- **Task details**:
Once "滨州市高级技工学校12月3日社会化职业技能等级认定(第三批)成绩公示" turns up in a line below, reproduce that line and those after it exactly, stopping after the line with "Alegre Caffe Lungo"; leave pictures out.

- **Dataset records**:
______________________________
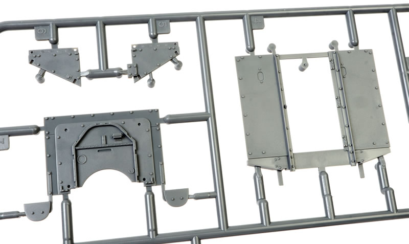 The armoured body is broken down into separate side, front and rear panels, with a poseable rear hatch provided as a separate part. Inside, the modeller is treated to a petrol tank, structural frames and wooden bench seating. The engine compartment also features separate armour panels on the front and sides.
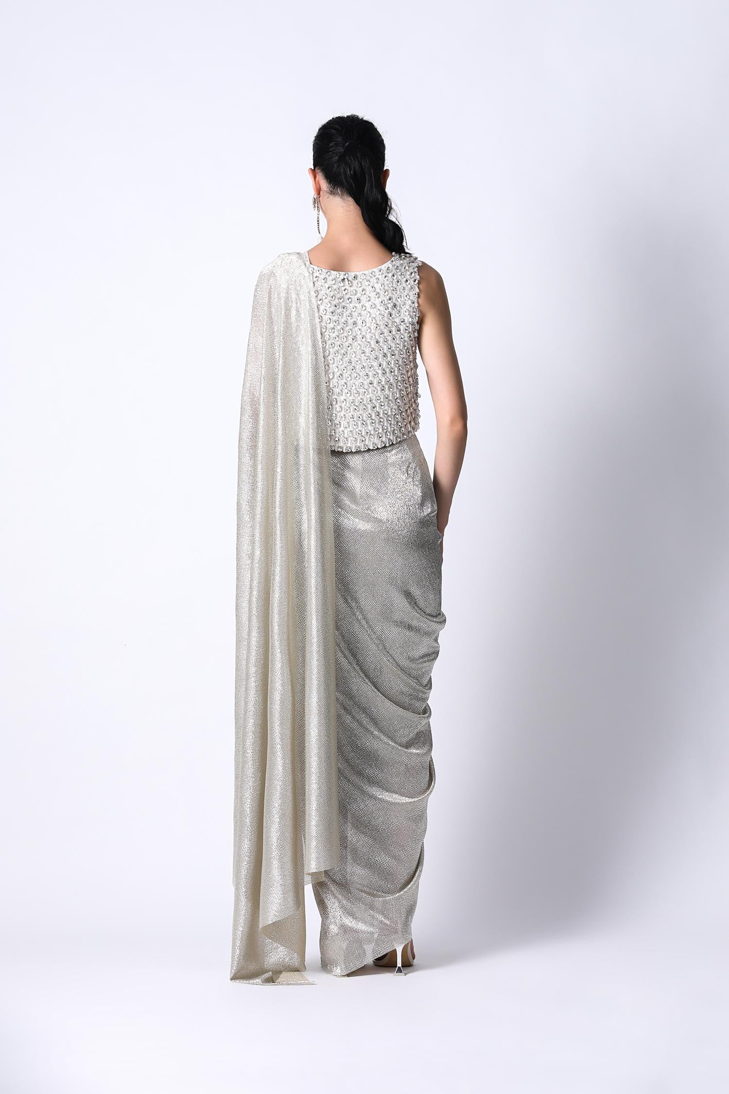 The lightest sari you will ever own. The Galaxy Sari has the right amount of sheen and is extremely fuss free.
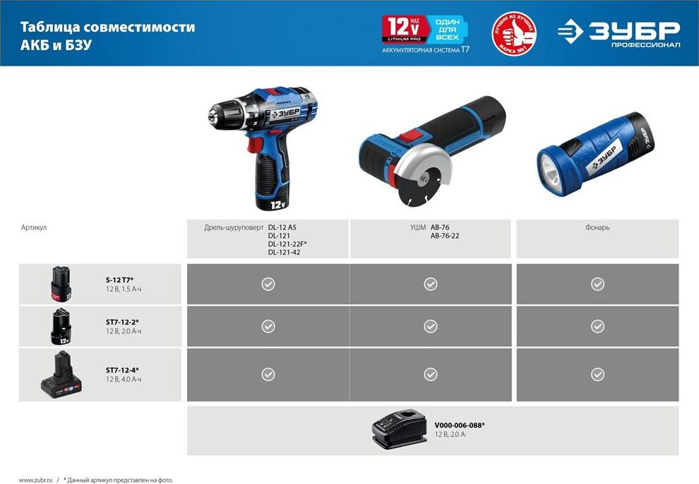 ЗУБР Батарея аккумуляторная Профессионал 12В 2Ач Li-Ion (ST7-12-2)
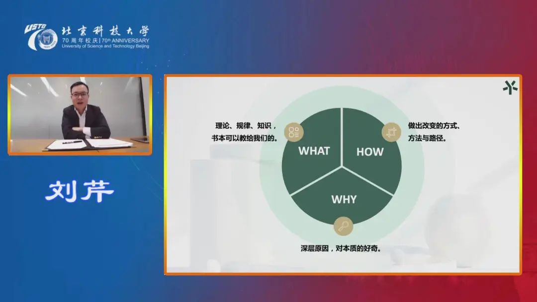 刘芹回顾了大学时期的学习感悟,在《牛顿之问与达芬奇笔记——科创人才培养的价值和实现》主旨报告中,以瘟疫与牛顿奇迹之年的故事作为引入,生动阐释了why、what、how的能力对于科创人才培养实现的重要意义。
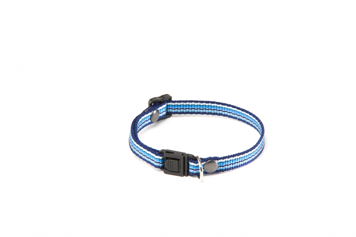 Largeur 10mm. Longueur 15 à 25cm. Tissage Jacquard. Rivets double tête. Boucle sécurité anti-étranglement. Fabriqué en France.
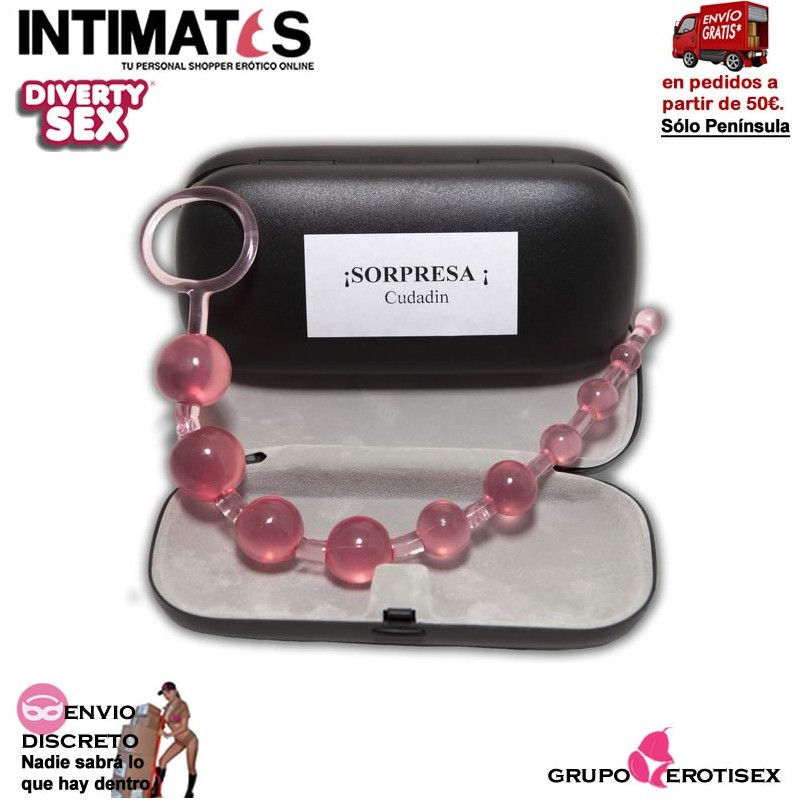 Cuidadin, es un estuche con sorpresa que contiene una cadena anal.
______________________________
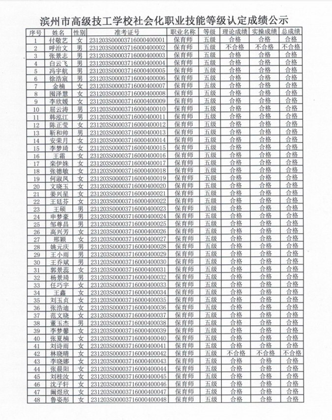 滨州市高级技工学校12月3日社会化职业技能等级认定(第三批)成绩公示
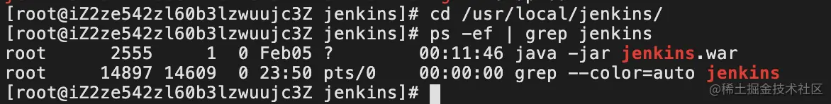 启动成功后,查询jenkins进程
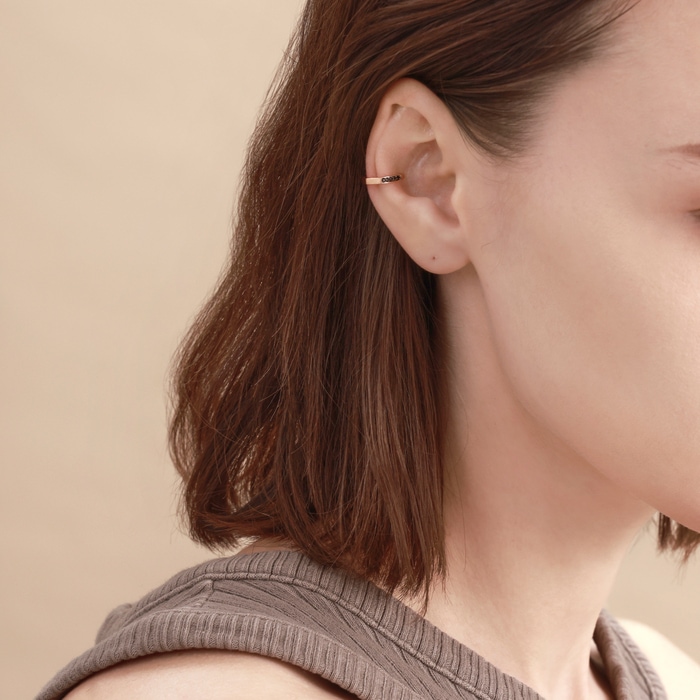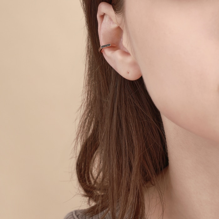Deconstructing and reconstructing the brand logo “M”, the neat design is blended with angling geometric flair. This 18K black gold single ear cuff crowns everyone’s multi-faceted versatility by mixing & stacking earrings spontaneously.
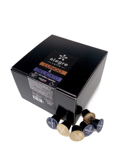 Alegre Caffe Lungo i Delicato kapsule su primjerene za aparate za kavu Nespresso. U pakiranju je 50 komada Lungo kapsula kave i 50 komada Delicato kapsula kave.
______________________________
- **Answer below**:
 滨州市高级技工学校12月3日社会化职业技能等级认定(第三批)成绩公示
 启动成功后,查询jenkins进程
Deconstructing and reconstructing the brand logo “M”, the neat design is blended with angling geometric flair. This 18K black gold single ear cuff crowns everyone’s multi-faceted versatility by mixing & stacking earrings spontaneously.
 Alegre Caffe Lungo i Delicato kapsule su primjerene za aparate za kavu Nespresso. U pakiranju je 50 komada Lungo kapsula kave i 50 komada Delicato kapsula kave.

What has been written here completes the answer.